If any value is impossible to predict perfectly at compile time by definition that expression is illegal.

If there is an expression E consisting of at least two subexpressions A and B and the value of subexpression B depends on the value computed for subexpression A, then the chain of operators joining both subexpressions together must change precendence somewhere.

If there is no change in precedence, then because the lack of defined associativity in D the subexpressions can be evaluated in any order, regardless of any known dependencies.

Postfix expressions are _not_ left associative and stringed together do _not_ change precedence.

-manfred

Manfred Nowak wrote:
> Bruno Medeiros wrote:
> 
> [...]
> 
>>the grammar is built to support the same precedence semantics as
>>C/C++ . 
> 
> [...]
> 
> Then what? What has precedence to do with evaluation order and associativeness?
> 
I was thinking "precedence" in the general sense, that is both precedence between different operators (precedence per se) and precedence between several instances of the same operator (associativity).
In other words:
"the grammar is built to support the same precedence and associativity semantics as C/C++"
(I think this was somewhat implicitly obvious, because why would Walter want to copy only part of the C/C++ operator evalution rules...)

-- 
Bruno Medeiros - CS/E student
"Certain aspects of D are a pathway to many abilities some consider to be... unnatural."

Now hold on just a second.

Manfred Nowak wrote:
> If any value is impossible to predict perfectly at compile time by definition that expression is illegal.

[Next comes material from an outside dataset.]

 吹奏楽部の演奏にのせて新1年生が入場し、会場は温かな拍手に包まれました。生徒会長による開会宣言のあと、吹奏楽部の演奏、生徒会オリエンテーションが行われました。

But yet, in a previous post you stated:
> Here you claim, that the values of expressions must be known at
> compile time, which is clearly wrong.
>
> The compiler needs only knowledge upon the types of the expressions
> to generate code for the values given at runtime.

So which way is it?  Must values be reachable at compile time or not?  Clearly, not, just as you asserted previously, and I asserted recently.  As for postfix operators being lest-associative... it really just doesn't matter.  You are right insofar as the types being the important thing at compile time, however the types /are/ reachable in left-associative manner.  The /values/ are not, which means the order of evaluation at /runtime/ is different than the associativity, which is a /compile time/ property of expressions, not a /runtime/ one.

It doesn't make any sense any other way.

-- Chris Sauls

Ivan Senji wrote:

[...]
> x.a().b().c() === c(b(a(x)));
[...]

Am I right, that you start to proof your claim that some of the currently illegal expressions should be made legal by an example that is in fact illegal and then stating that it should be legal?

-manfred